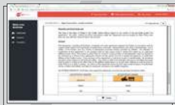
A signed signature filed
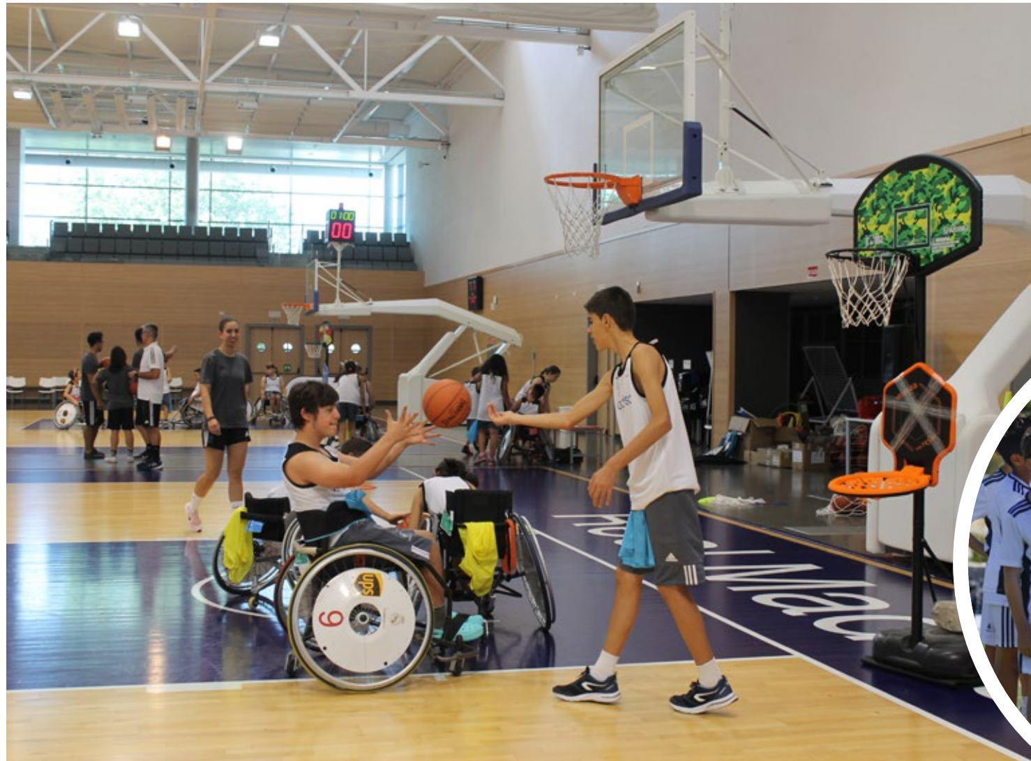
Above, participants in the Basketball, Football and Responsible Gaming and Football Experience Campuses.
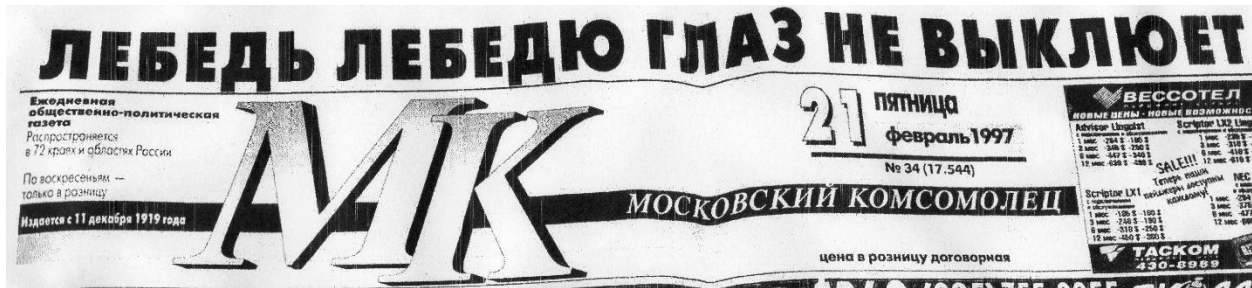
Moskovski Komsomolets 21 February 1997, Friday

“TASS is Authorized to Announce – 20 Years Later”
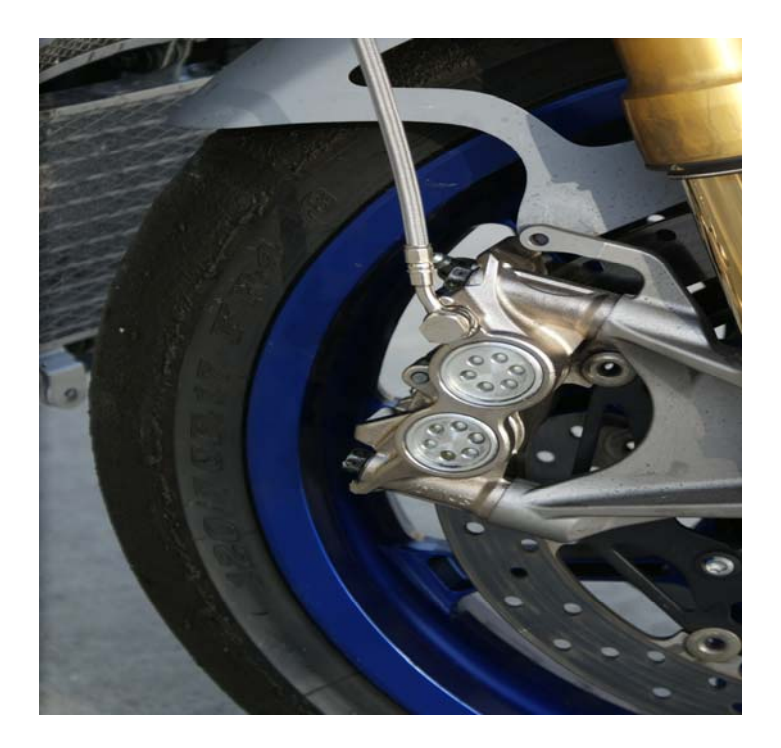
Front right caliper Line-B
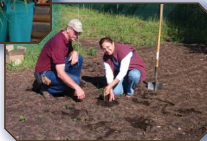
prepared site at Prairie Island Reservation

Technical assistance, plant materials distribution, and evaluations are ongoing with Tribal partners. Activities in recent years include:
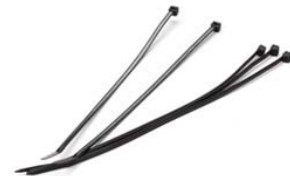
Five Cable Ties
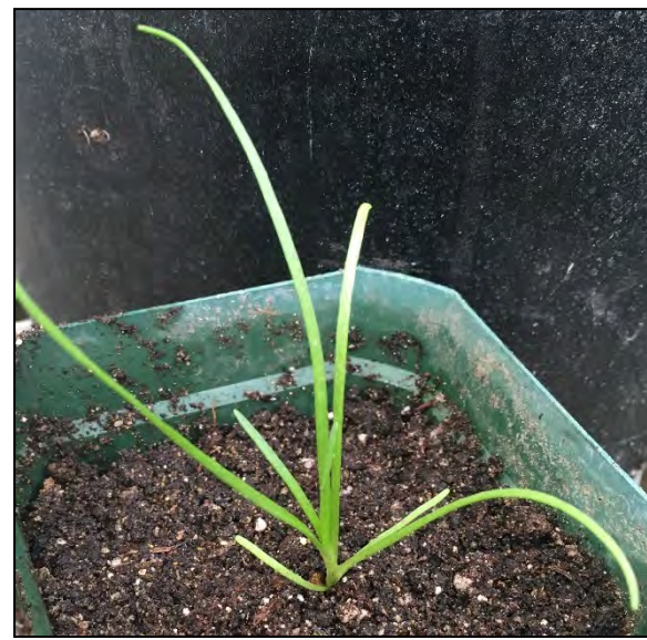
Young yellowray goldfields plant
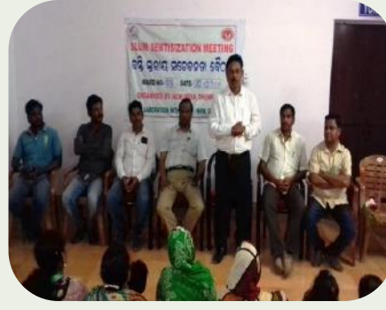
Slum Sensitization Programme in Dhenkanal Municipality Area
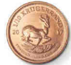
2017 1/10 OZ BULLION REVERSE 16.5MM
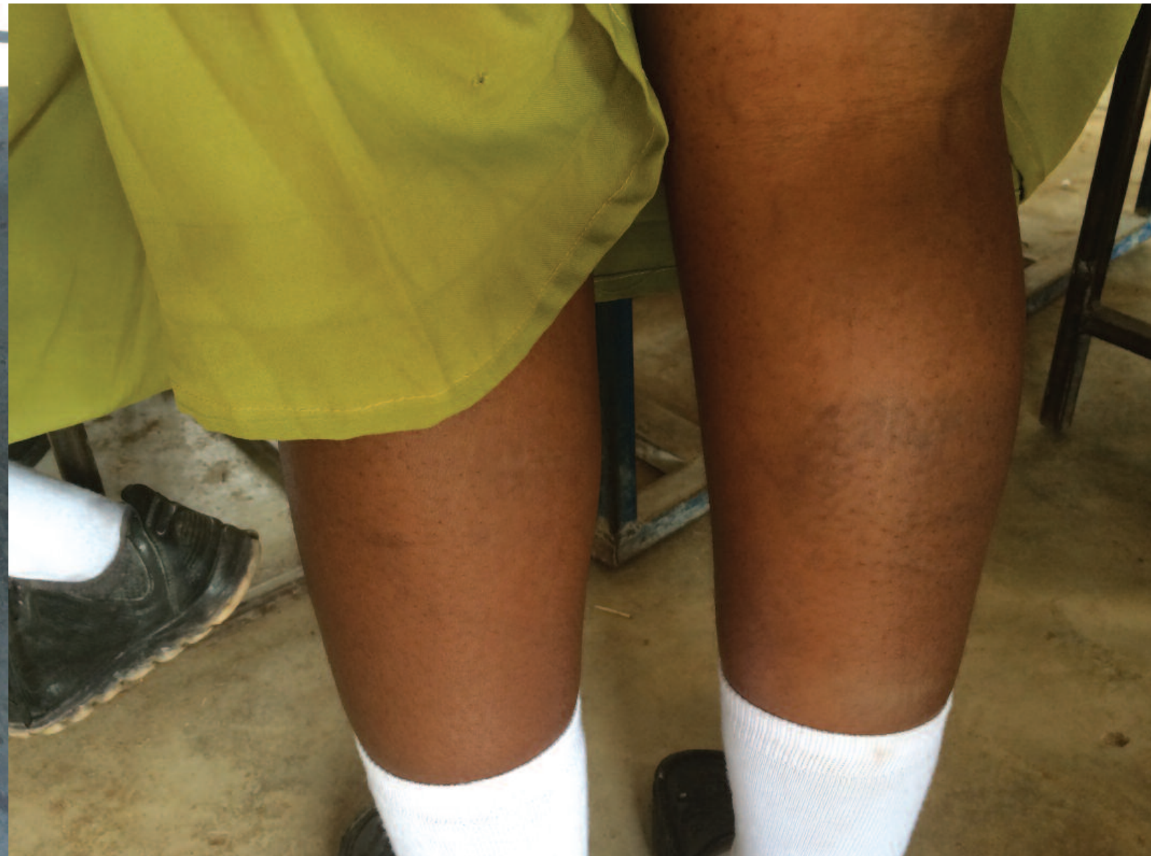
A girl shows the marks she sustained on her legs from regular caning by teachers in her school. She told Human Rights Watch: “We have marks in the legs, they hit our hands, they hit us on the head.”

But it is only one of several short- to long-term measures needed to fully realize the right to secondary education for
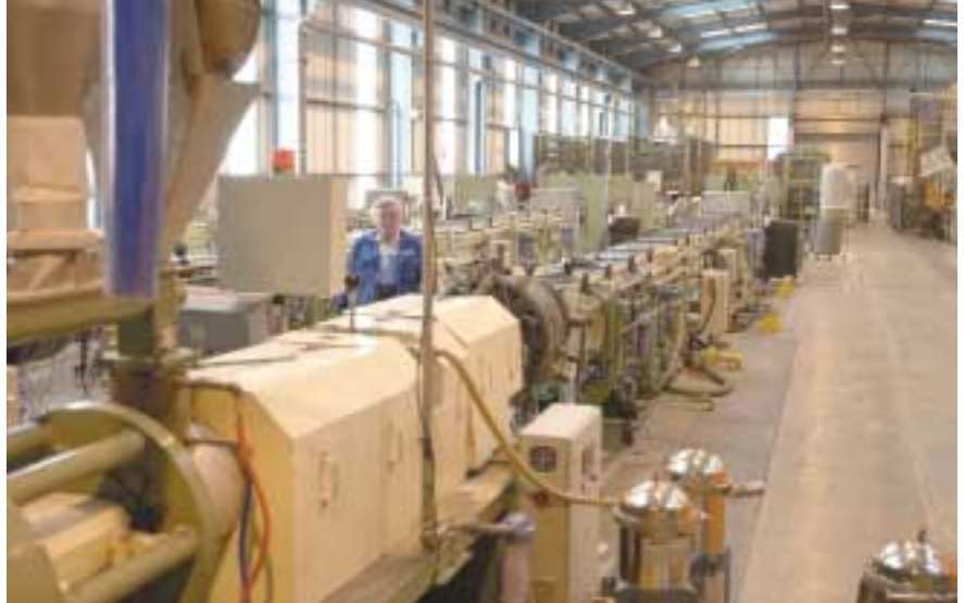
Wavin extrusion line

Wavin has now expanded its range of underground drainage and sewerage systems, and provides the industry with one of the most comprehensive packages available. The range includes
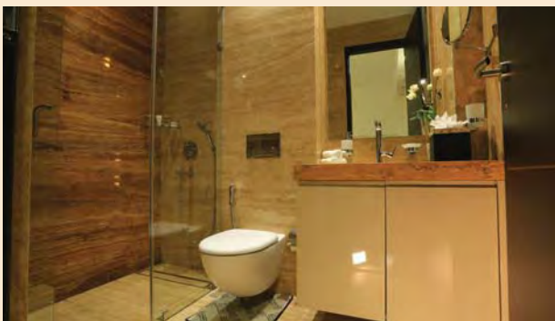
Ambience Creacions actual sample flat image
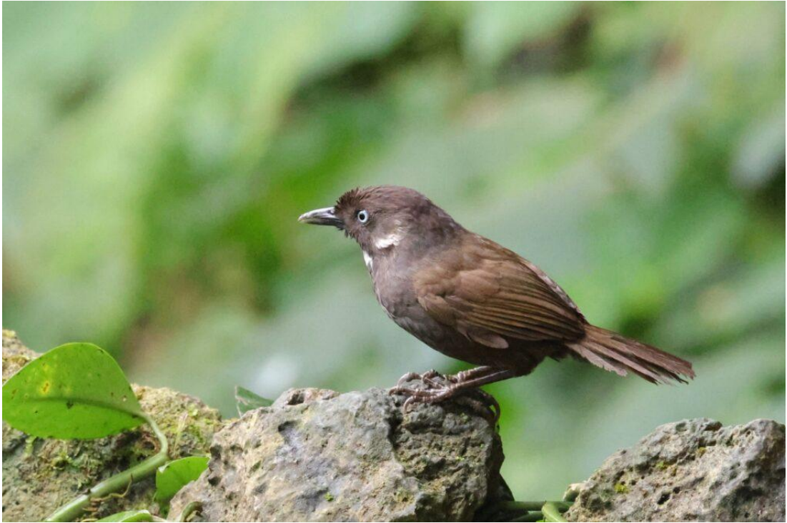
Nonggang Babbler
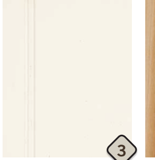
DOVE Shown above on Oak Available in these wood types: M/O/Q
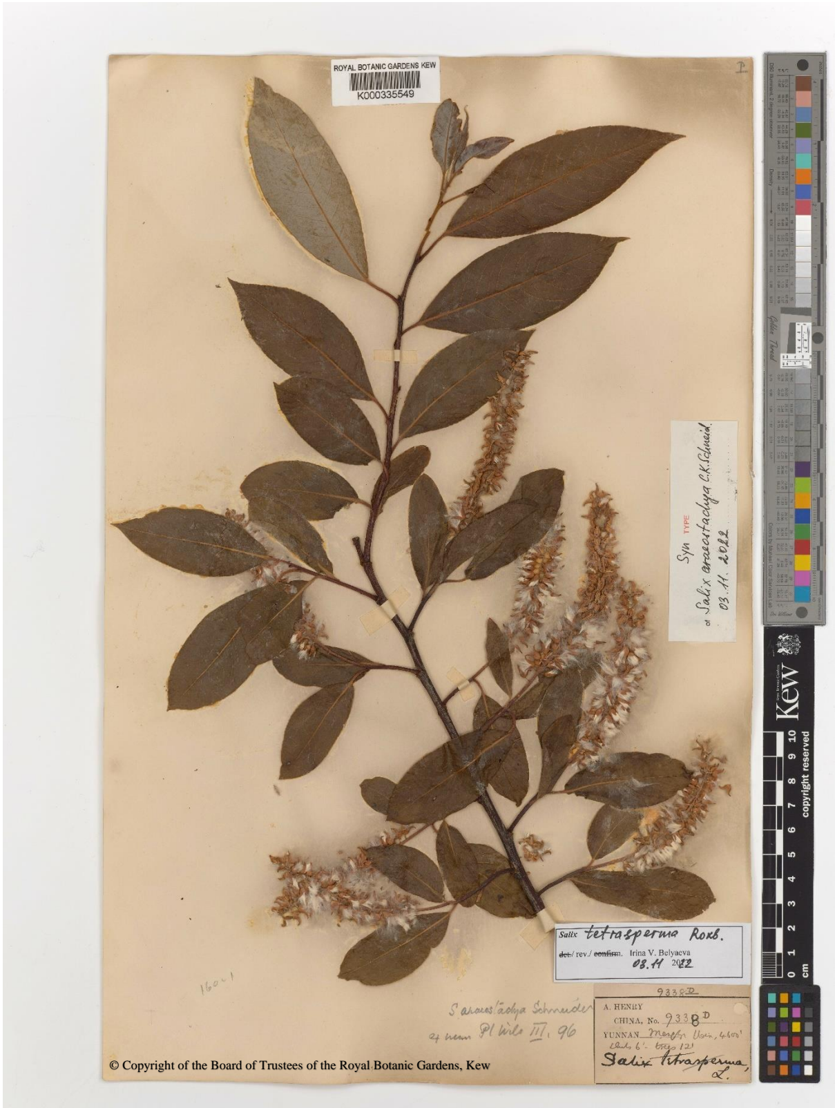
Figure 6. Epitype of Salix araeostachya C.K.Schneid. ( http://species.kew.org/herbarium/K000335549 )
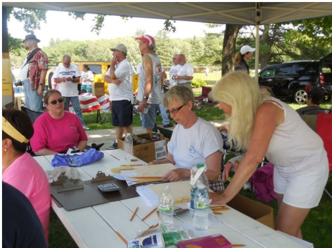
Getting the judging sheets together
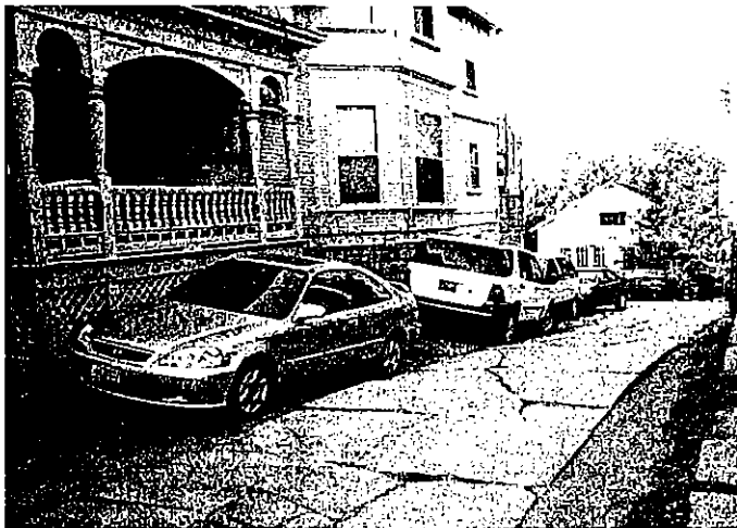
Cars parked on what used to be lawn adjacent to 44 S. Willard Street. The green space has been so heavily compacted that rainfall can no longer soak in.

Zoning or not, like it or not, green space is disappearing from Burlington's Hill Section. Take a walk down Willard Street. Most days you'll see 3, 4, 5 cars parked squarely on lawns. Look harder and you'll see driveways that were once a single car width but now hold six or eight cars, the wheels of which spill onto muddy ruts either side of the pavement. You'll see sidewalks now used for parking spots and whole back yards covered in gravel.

What you are asked to do — Using the records above, repeat exactly the run of lines that starts with the line with "Above, participants in" and goes on through the line with "Young yellowray goldfields plant"; omit each picture.

Solution to this problem —
Above, participants in the Basketball, Football and Responsible Gaming and Football Experience Campuses.
Moskovski Komsomolets 21 February 1997, Friday

“TASS is Authorized to Announce – 20 Years Later”
Front right caliper Line-B
prepared site at Prairie Island Reservation

Technical assistance, plant materials distribution, and evaluations are ongoing with Tribal partners. Activities in recent years include:
Five Cable Ties
Young yellowray goldfields plant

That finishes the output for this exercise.